# The surge pricing is just a way to "Herd" us into the areas they want us in.No surge,No tip,No ride



## UberxN.J.sucks (Dec 3, 2014)

*I am really getting tired of chasing the surge pricing for it to just end when I get there. i will now just wait to work when the surge is in my area. My new moto

No surge No tip No ride

I am done working for peanuts

And **** You Uber*


----------



## cybertec69 (Jul 23, 2014)

You must be new to this.


----------



## Andrew Zuckerman (Dec 26, 2014)

Surge is supposed to mean rides. I've been in a 2.4x surge area, right in the middle of it, for half hour and not gotten a single ride...

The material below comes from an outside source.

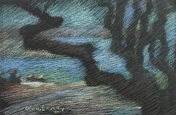 I don’t discuss my compositions (the arrangement of things on the 2d surface) often, but I love composing. My two aims are: to make if feel so natural you don’t even notice it; and to craft it with an eye towards symbolism. It seems I compose mostly by veto, when I reject most of the options I am left with something natural. Her my family is sitting in the light, thoughtful (the reader), and bonding. The dark tree is a little like the dark forest in Snow White — a little too personal, but like most family’s we have had are share of tragedy. My choice of subject matter also changes with how much time goes into the work, this was about an hour making and 1/2 hour editing. If I were to spend one year painting my family, I would make them much bigger and the tree much smaller — because all four of us overcame lots of obstacles to be really good people.

This happens more often than actually getting a ride


----------



## gb21 (Dec 6, 2014)

I see this also in Pittsburgh. What I think is contributing to this is that the riders here have now caught on, and unless it's very late night or unbearably cold, they're waiting out the surge until it ends. So I'm guessing the surge is up, but after so long when Uber sees many aren't making or pull back there requests, they then call of the surge to make sure they make something.


----------



## Large (Dec 19, 2014)

Before I was a driver, I would always wait out the surge, 15-20 min and it was normal pricing again. Some people don't care about daddy's money but when it's your own it's different


----------